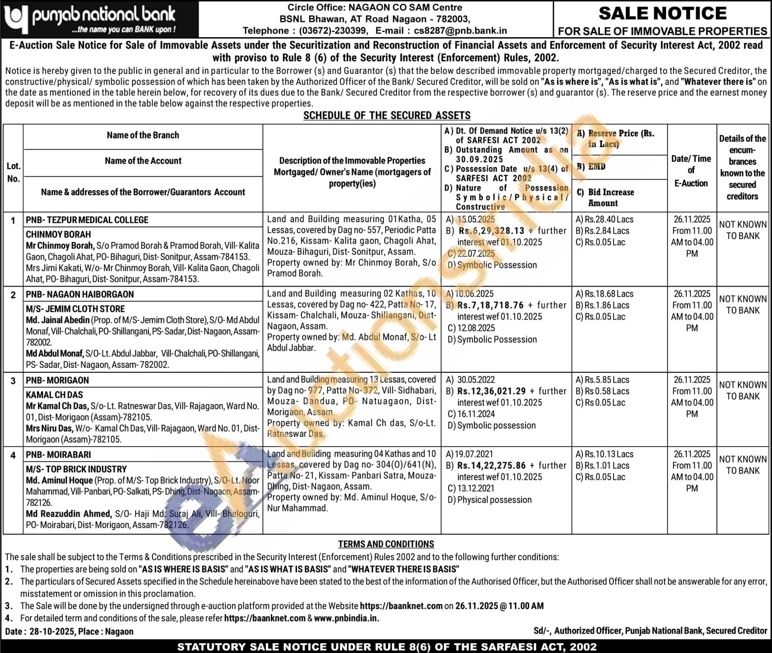 1)Land and Building measuring 01Katha, 05 Lessas, covered by Dag no- 557, Periodic Patta No.216, Kissam-Kalita gaon, Chagoli Ahat, Mouza-Bihaguri, Dist- Sonitpur, Assam. Property owned by: Mr Chinmoy Borah, S/o Pramod Borah.
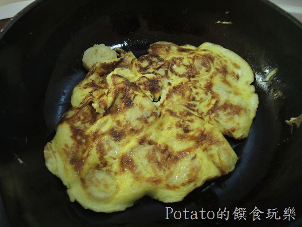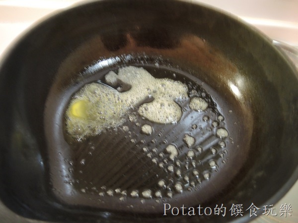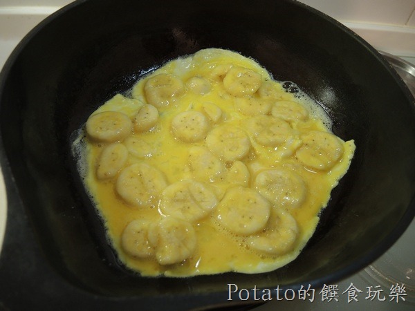 2.步驟2:鍋子預熱後,放入奶油塊,倒入香蕉蛋液。
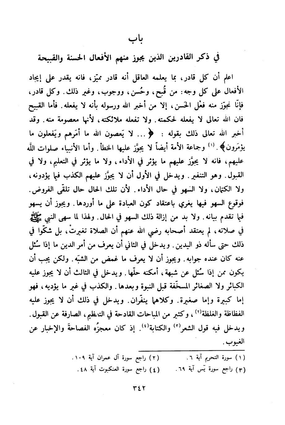اعْلَم أَن كل قَادر بِمَا يُعلمهُ الْعَاقِل أَنه قَادر مُمَيّز فانه يقدر على إِيجَاد الْأَفْعَال على كل وَجه من قبح وَحسن وَوُجُوب وَغير ذَلِك وكل قَادر فَإنَّا نجوز مِنْهُ فعل الْحسن إِلَّا من أخبر الله وَرَسُوله بِأَنَّهُ لَا يَفْعَله فَأَما الْقَبِيح فان الله تَعَالَى لَا يَفْعَله لحكمته وَلَا تَفْعَلهُ مَلَائكَته لِأَنَّهَا معصومة مِنْهُ وَقد أخبر الله تَعَالَى ذَلِك بقوله {لَا يعصون الله مَا أَمرهم ويفعلون مَا يؤمرون} وَجَمَاعَة الْأمة أَيْضا لَا يجوز عَلَيْهَا الْخَطَأ وَأما الْأَنْبِيَاء صلوَات الله عَلَيْهِم فانه لَا يجوز عَلَيْهِم مَا يُؤثر فِي الْأَدَاء وَلَا مَا يُؤثر فِي التَّعْلِيم وَلَا فِي الْقبُول وَهُوَ التنفير وَيدخل فِي الأول أَن لَا يجوز عَلَيْهِم الْكَذِب فِيمَا يؤدونه وَلَا الكتمان وَلَا السَّهْو فِي حَال الْأَدَاء لِأَن تِلْكَ الْحَال حَال تلقى الْفُرُوض فوقوع السَّهْو فِيهَا يغري باعتقاد كَون الْعِبَادَة على مَا أوردهَا وَيجوز أَن يسهو فِيمَا تقدم بَيَانه وَلَا بُد من إِزَالَة ذَلِك السَّهْو فِي الْحَال وَلِهَذَا لما سهى النَّبِي صلى الله عَلَيْهِ وَسلم فِي صلَاته لم يعْتَقد أَصْحَابه رَضِي الله عَنْهُم أَن الصَّلَاة تَغَيَّرت بل شكوا فِي ذَلِك حَتَّى سَأَلَهُ ذُو الْيَدَيْنِ وَيدخل فِي الثَّانِي أَن يعرف من أَمر الدّين مَا إِذا سُئِلَ عَنهُ كَانَ عِنْده جَوَابه وَيجوز أَن لَا يعرف مَا غمض من الشّبَه وَلَكِن يجب أَن يكون مِمَّن إِذا سُئِلَ عَن شُبْهَة أمكنه حلهَا وَيدخل فِي الثَّالِث أَن لَا يجوز عَلَيْهِ الكابئر وَلَا الصَّغَائِر المسخفة قبل النُّبُوَّة وَبعدهَا وَالْكذب فِي عير مَا يُؤَدِّيه فَهُوَ إِمَّا كَبِيرَة وَإِمَّا صَغِيرَة وَكِلَاهُمَا ينفران وَيدخل فِي ذَلِك أَن لَا يجوز عَلَيْهِ الفظاظة والغلظة وَكثير من الْمُبَاحَات القادحة فِي التَّعْظِيم الصارفة عَن الْقبُول وَيدخل فِيهِ قَول الشّعْر وَالْكِتَابَة إِذْ كَانَ معْجزَة الفصاحة والإخبار عَن الغيوب
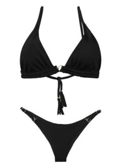 Notorious Swimwear Gold Chains Of Love Triangle Top & Cheeky Scrunch Bottom Swimsuit Bikini Set
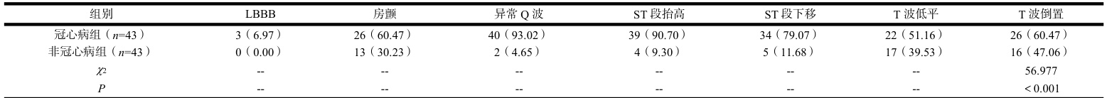 在异常Q 波、ST 段抬高、下移、房颤、T 波倒置、LBBB 等比率上,冠心病组较高( (P<0.05) ,见表1。
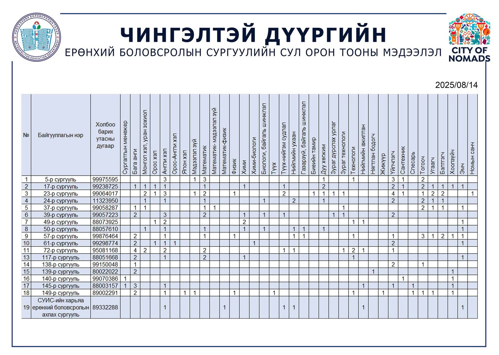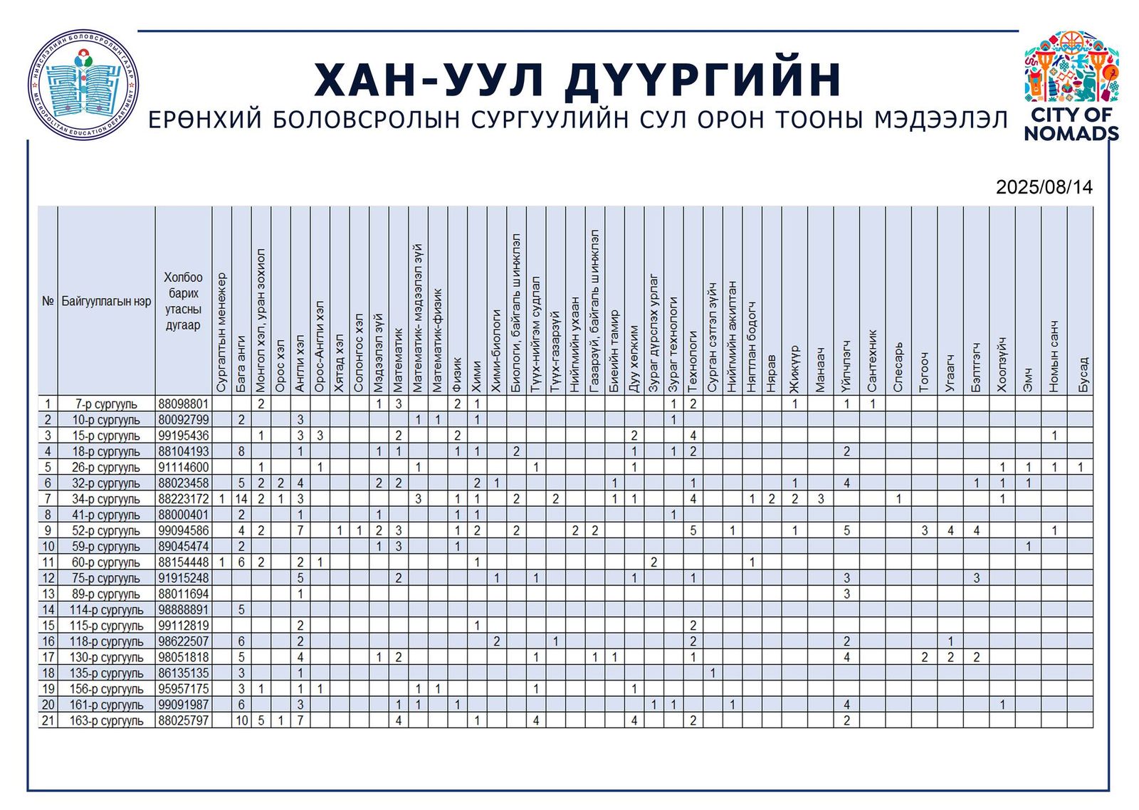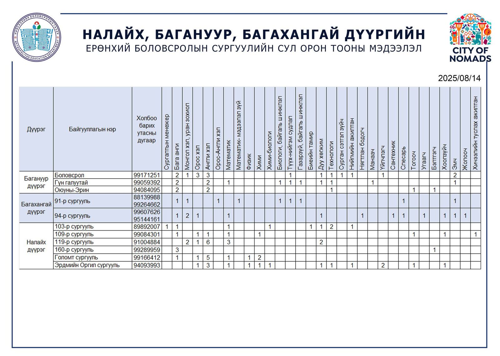2025-2026 оны хичээлийн жилд нийслэлд үйл ажиллагаа явуулж буй төрийн өмчийн ерөнхий боловсролын сургуулиудад дутагдаж буй багш, ажилтны сул орон тооны мэдээллийг Нийслэлийн Боловсролын Газраас танилцууллаа.
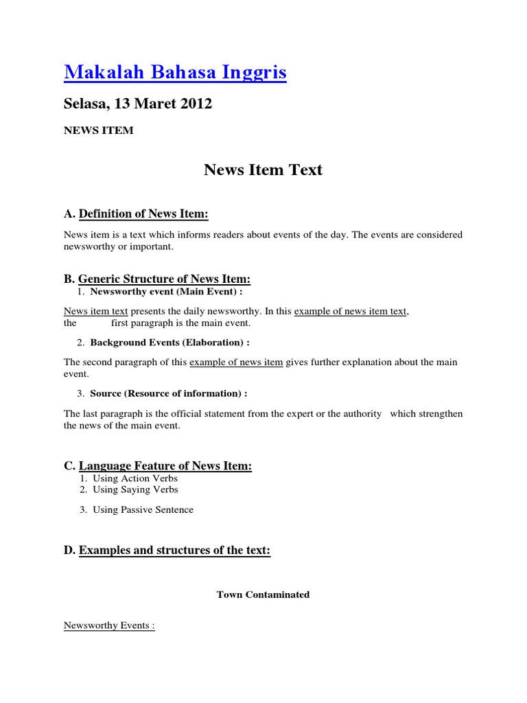 Materi News Item Jika anda termasuk orang yang gemar membaca koran, anda pasti mengetahuinya.
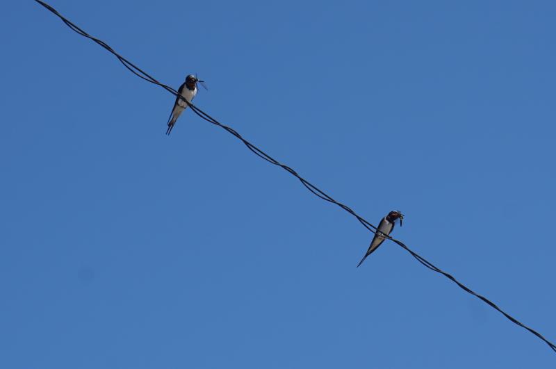 つばめを見つけました。よく見ると、つばめの口にはトンボが。つばめは、餌をくわえて巣に戻るのかな。
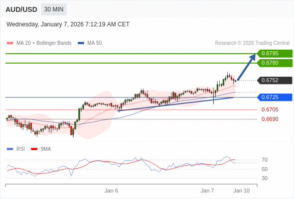 在 0.6725 之上,看涨,目标价位为 0.6780 ,然后为 0.6795 。
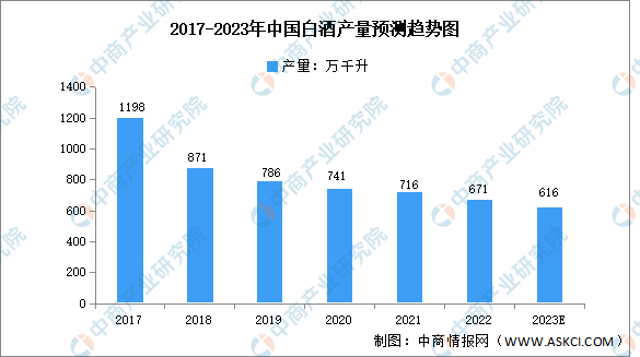 在消費(fèi)市場(chǎng)環(huán)境變化、年輕消費(fèi)者口味變化、限制“三公”消費(fèi)、“禁酒令”等多方面因素的影響下,我國(guó)白酒產(chǎn)量逐年下降。2022年,全國(guó)白酒累計(jì)產(chǎn)量671萬(wàn)千升,同比下滑5.6%。這是2017年以來(lái)全國(guó)白酒產(chǎn)量連續(xù)第六年下跌。預(yù)計(jì)2023年我國(guó)白酒產(chǎn)量616萬(wàn)千升。
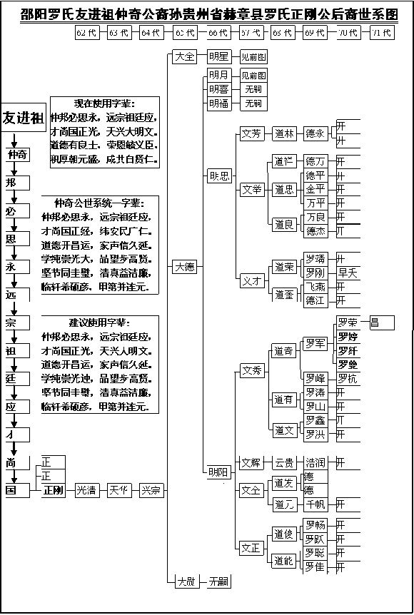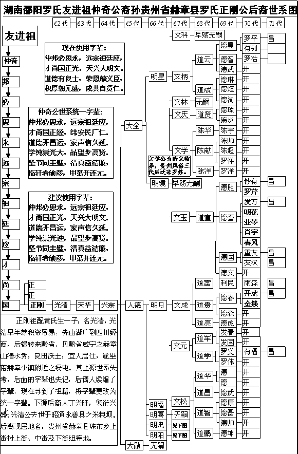 五、后裔情况 1、光清,正刚公子,生殁不详,葬昭通永善县米粮坝,配曾氏,绥屯曾公之女,生一子天华。 2、天华,光清公子,生殁不详,葬赫章诺素,配王氏,赫章狮子窝王公之女,生一子兴宗。 3、兴宗,天华公子,生于一八四四年腊月十六辰时,殁于一九一七年正月二十六日辰时,葬赫章诺素。配谢氏,诺素街上谢公之次女,生于一八四一年九月十九日子时,殁于一九一四年十月二十八日亥时,生三子:大全、大德、大勋。 4.1大全,兴宗公长子,生于一八六六年五月二十三辰时,殁于一九四七年八月初八日卯时,葬妈姑阿维寨。配陈氏,赫章反背磨平湾陈天玺之长女,生于一八七五年五月二十六日已时,一九四0年八月初三未时殁,葬小山坡脚,生二子:明星、明镜(早夭无嗣)。 4.2大德,兴宗公次子,生殁不详,葬赫章诺素街上送包树坪子。配刘氏,威宁二塘芭蕉坎人氏,生殁不详,葬团结村台砂坝,生五子:明月、明福(无嗣)、明喜(无嗣)、明忠、明阳。 4.3大勋,兴宗公三子,生殁不详,葬赫章诺素。配叶氏,生三女:润之、金之、银之。 5.1明星,大全公长子,生于一九0五年三月十二日已时,一九八七年六月二十五日未时殁,葬赫章诺素石丫口。配吴氏,早逝,续配刘氏翠妹,赫章附近大冲刘启庚之四女,生于一九一七年闰二月十八亥时,殁于一九五四年八月初八日卯时,生五子:文科(无嗣)、文柄、文林(无嗣)、文庆。三配刘氏,刘启庚之三女,生子一文学。 5.2明月,大德公长子,生于一八九二年十月十一日,一就四四年九月二十三日殁,葬赫章诺素街上送包树坪子,配彭氏,生四子:文玉、文成、文元、文松。二女:小云、怀云。 5.3明忠,大德公四子,生于一九0一年,殁于一九三三年,葬诺素陆陆地,配张氏,珠市乡得块村高明组张桂发长女,光绪二十九年癸卯年一九0三年九月十二日寅时生,一九九八年冬月二十五日辰时殁,葬诺素爬坡路。生三子:文芳、文举、文才; 5.4明阳,大德公五子,生于一九0九年十月十一日,殁于一九八六年三月十一申时,葬诺素街上送包树坪子,癸山丁向。配肖氏,生四子:文秀、文辉、文全、文正。二女:乔妹、文英。 现在正刚公的后裔就是明星、明月、明忠、明阳四大房繁衍而来。后裔仍安居于现在的贵州省赫章县珠市镇上街村。现在是四代同堂,老辈是文字辈(对应邵阳统一字辈是传字辈),还有五人,小辈已到开字辈,现在道字辈男丁有30人,德字辈男丁有56人,真是人丁兴旺,繁衍兴盛。 其后裔也一直在寻宗,一直到2012年底,罗道华、罗德胜宗亲通过网络与我和罗德荣联系上,后通过罗道华、罗德胜宗亲寻找到贵州省六盘水大湾镇罗家院子居住的仲奇公房安昌公的后裔及迁居到威宁猴场镇居住的安金公后裔。其后裔世系图如下:

+ + + + +

--- Task to carry out ---
Exact repetition is required for the lines from the first one in the listing through the one that holds "2025-2026 оны хичээлийн", and pictures are to be omitted.

--- Your solution ---
 1)Land and Building measuring 01Katha, 05 Lessas, covered by Dag no- 557, Periodic Patta No.216, Kissam-Kalita gaon, Chagoli Ahat, Mouza-Bihaguri, Dist- Sonitpur, Assam. Property owned by: Mr Chinmoy Borah, S/o Pramod Borah.
 2.步驟2:鍋子預熱後,放入奶油塊,倒入香蕉蛋液。
اعْلَم أَن كل قَادر بِمَا يُعلمهُ الْعَاقِل أَنه قَادر مُمَيّز فانه يقدر على إِيجَاد الْأَفْعَال على كل وَجه من قبح وَحسن وَوُجُوب وَغير ذَلِك وكل قَادر فَإنَّا نجوز مِنْهُ فعل الْحسن إِلَّا من أخبر الله وَرَسُوله بِأَنَّهُ لَا يَفْعَله فَأَما الْقَبِيح فان الله تَعَالَى لَا يَفْعَله لحكمته وَلَا تَفْعَلهُ مَلَائكَته لِأَنَّهَا معصومة مِنْهُ وَقد أخبر الله تَعَالَى ذَلِك بقوله {لَا يعصون الله مَا أَمرهم ويفعلون مَا يؤمرون} وَجَمَاعَة الْأمة أَيْضا لَا يجوز عَلَيْهَا الْخَطَأ وَأما الْأَنْبِيَاء صلوَات الله عَلَيْهِم فانه لَا يجوز عَلَيْهِم مَا يُؤثر فِي الْأَدَاء وَلَا مَا يُؤثر فِي التَّعْلِيم وَلَا فِي الْقبُول وَهُوَ التنفير وَيدخل فِي الأول أَن لَا يجوز عَلَيْهِم الْكَذِب فِيمَا يؤدونه وَلَا الكتمان وَلَا السَّهْو فِي حَال الْأَدَاء لِأَن تِلْكَ الْحَال حَال تلقى الْفُرُوض فوقوع السَّهْو فِيهَا يغري باعتقاد كَون الْعِبَادَة على مَا أوردهَا وَيجوز أَن يسهو فِيمَا تقدم بَيَانه وَلَا بُد من إِزَالَة ذَلِك السَّهْو فِي الْحَال وَلِهَذَا لما سهى النَّبِي صلى الله عَلَيْهِ وَسلم فِي صلَاته لم يعْتَقد أَصْحَابه رَضِي الله عَنْهُم أَن الصَّلَاة تَغَيَّرت بل شكوا فِي ذَلِك حَتَّى سَأَلَهُ ذُو الْيَدَيْنِ وَيدخل فِي الثَّانِي أَن يعرف من أَمر الدّين مَا إِذا سُئِلَ عَنهُ كَانَ عِنْده جَوَابه وَيجوز أَن لَا يعرف مَا غمض من الشّبَه وَلَكِن يجب أَن يكون مِمَّن إِذا سُئِلَ عَن شُبْهَة أمكنه حلهَا وَيدخل فِي الثَّالِث أَن لَا يجوز عَلَيْهِ الكابئر وَلَا الصَّغَائِر المسخفة قبل النُّبُوَّة وَبعدهَا وَالْكذب فِي عير مَا يُؤَدِّيه فَهُوَ إِمَّا كَبِيرَة وَإِمَّا صَغِيرَة وَكِلَاهُمَا ينفران وَيدخل فِي ذَلِك أَن لَا يجوز عَلَيْهِ الفظاظة والغلظة وَكثير من الْمُبَاحَات القادحة فِي التَّعْظِيم الصارفة عَن الْقبُول وَيدخل فِيهِ قَول الشّعْر وَالْكِتَابَة إِذْ كَانَ معْجزَة الفصاحة والإخبار عَن الغيوب
 Notorious Swimwear Gold Chains Of Love Triangle Top & Cheeky Scrunch Bottom Swimsuit Bikini Set
 在异常Q 波、ST 段抬高、下移、房颤、T 波倒置、LBBB 等比率上,冠心病组较高( (P<0.05) ,见表1。
2025-2026 оны хичээлийн жилд нийслэлд үйл ажиллагаа явуулж буй төрийн өмчийн ерөнхий боловсролын сургуулиудад дутагдаж буй багш, ажилтны сул орон тооны мэдээллийг Нийслэлийн Боловсролын Газраас танилцууллаа.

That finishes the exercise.